IDC estimates that over the next two years, 90% of new enterprise applications will be developed as cloud-native apps, using agile methodologies and API-driven architectures that leverage dynamic microservices, containers, and serverless functions. These trends are accelerating faster than IT teams can keep up, which creates a constant churn of complexity that has made observability at scale all but impossible to achieve manually.
Manually is the operative word here. As organizations continue to ramp up their digital transformation efforts, the pace of software innovation through increased investment in cloud-native development – using containers, microservices, and open-source standards like OpenTelemetry – is only going to get faster. Dynamic environments that use Kubernetes, serverless, and multicloud architectures will only get more complex.
Managing this speed and complexity requires automated, AI-assisted observability into your full multicloud environment. That observability depends on next-generation distributed tracing capabilities – tracing designed for cloud-native, multicloud environments – that are capable of not only supporting open standards like OpenTelemetry, but also complementing and enriching them with code-level context.
Here are three reasons observability of complex multicloud environments can’t work without an automated, next-gen approach to distributed tracing.
1. Conventional distributed tracing is limited
With conventional distributed tracing, when a user interacts with an application, the transaction is assigned a unique ID. That ID travels with the transaction as it makes other requests to additional apps, microservices, and infrastructure, tracking dependencies between services along the way.
But methods that rely only on metrics, logs, and single traces miss a lot of context – details like code and metadata, context like user behavior, and data from open-source standards that developers and analysts can use to debug and manage services. Conventional methods might also fail to provide traces across cloud boundaries, which is a major blind spot for hybrid-cloud and multicloud environments that depend on observability across public and private clouds. Simply put, conventional distributed tracing approaches can leave IT teams short of a complete and insightful picture of their cloud and container-based environments.

Conventional distributed tracing uses metrics, traces, and logs that are often treated as data silos, with no relationships between them and aggregated in arbitrary ways.
2. Open source doesn’t automatically mean higher quality data for tracing
Open-source solutions like service mesh, OpenTelemetry, and serverless applications may open new data sources for observability and managing Kubernetes, but that data does not extend to interfaces with other services. This limitation leads to incomplete traces, gaps, and blind spots, and often requires teams to make multiple manual code changes just to yield what is still low-resolution data.
OpenTelemetry data, for example, does not include additional relevant information like container metrics, infrastructure health metrics, or code-level details like method hotspots and CPU analysis. OpenTelemetry and other open-source tools are valuable, but to overcome incomplete traces, gaps, and blind spots, they need to be complemented with enriched data to provide full context for IT teams.
3. Manual distributed tracing adds more work and complexity for already stretched IT teams
Distributed tracing promises to streamline ITOps and make it easier to determine dependencies and pinpoint anomalies. But if the traces are incomplete, lack full context, or are burdened by low-resolution data from open-source tools, teams still have to spend time chasing down which traces or parts of a trace need to be analyzed manually.
By relying solely on metrics, logs, and single traces, the conventional approach to distributed tracing means teams have to spend time manually instrumenting telemetry code, reconfiguring instrumentation after updates, and continually optimizing data when they could be spending time innovating to deliver better business outcomes.
Next-generation distributed tracing takes a whole new approach
Distributed tracing for complex multicloud environments needs to leap forward into a new generation, powered by continuous automation and AI-assistance.
Next-generation distributed tracing means automatically discovering and picking up telemetry instrumentation from all monitored hosts, services, processes, and applications – including instrumentation from OpenTelemetry, serverless apps, service mesh, and other open-source services. It means providing code-level insights, like an exact method hotspot or CPU time to a central observability platform for debugging and performance tuning.
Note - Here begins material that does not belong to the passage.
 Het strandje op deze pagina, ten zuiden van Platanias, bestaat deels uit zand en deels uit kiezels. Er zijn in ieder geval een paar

It means shipping updated instrumentation code without requiring teams to update or redeploy their applications.
Next-generation distributed tracing also means taking an AI-driven approach to evaluating all telemetry data in real time and providing relevant and precise answers – not statistical guesses – that detail the current state of your multicloud environment.
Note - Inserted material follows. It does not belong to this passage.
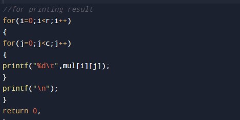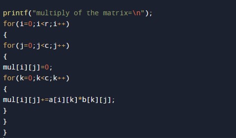 /* C Program to Multiply Two Matrices */ #include<stdio.h> #include<stdlib.h> int main() { //declaring the variable for the program int a[10][10],b[10][10],mul[10][10],r,c,i,j,k; //Taking the input from the user printf("enter the number of row="); scanf("%d",&r); printf("enter the number of column="); scanf("%d",&c); //taking input elements of matrices printf("enter the first matrix element=\n"); for(i=0;i<r;i++) { for(j=0;j<c;j++) { scanf("%d",&a[i][j]); } } printf("enter the second matrix element=\n"); for(i=0;i<r;i++) { for(j=0;j<c;j++) { scanf("%d",&b[i][j]); } } printf("multiply of the matrix=\n"); for(i=0;i<r;i++) { for(j=0;j<c;j++) { mul[i][j]=0; for(k=0;k<c;k++) { mul[i][j]+=a[i][k]*b[k][j]; } } } //for printing result for(i=0;i<r;i++) { for(j=0;j<c;j++) { printf("%d\t",mul[i][j]); } printf("\n"); } return 0; } |
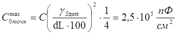 3.Определим минимально возможную толщину слоя диэлектрика. dmin=2,1×10-5 см 4.Исходя из полученного значения толщины расчитаем удельную емкость конденсатора. С0пр=0,0885×e/d C0пр=4.636×104 пФ/см2

Next-generation distributed tracing uses AI and automation to bring context to standard logs, traces, and metrics, and enrich them with metadata, user behavior data, and code-level details to deliver precise answers.
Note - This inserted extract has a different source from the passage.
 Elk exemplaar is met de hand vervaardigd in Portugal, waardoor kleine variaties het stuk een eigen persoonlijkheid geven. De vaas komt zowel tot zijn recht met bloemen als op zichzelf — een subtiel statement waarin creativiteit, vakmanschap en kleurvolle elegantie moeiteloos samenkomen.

AI-assistance and continuous automation go hand-in-hand with next-gen distributed tracing to transform the way IT teams work. With the ability to pinpoint and remedy system anomalies and analyze user behavior and performance issues from a single source of truth, teams can innovate faster and collaborate more efficiently.
Distributed tracing for a new age of intelligent observability
Multicloud environments with dynamic applications, containers, and microservices are only going to get more complex, not less. The conventional approach to distributed tracing simply doesn’t scale.
Next-generation distributed tracing across the full stack is about delivering automatic and intelligent observability at scale that generates precise code-level insights and real, actionable analysis. It’s the only way IT teams can achieve the observability they need at scale to not just keep up with complexity, but push the pace of software innovation and improve digital experiences that drive better business outcomes.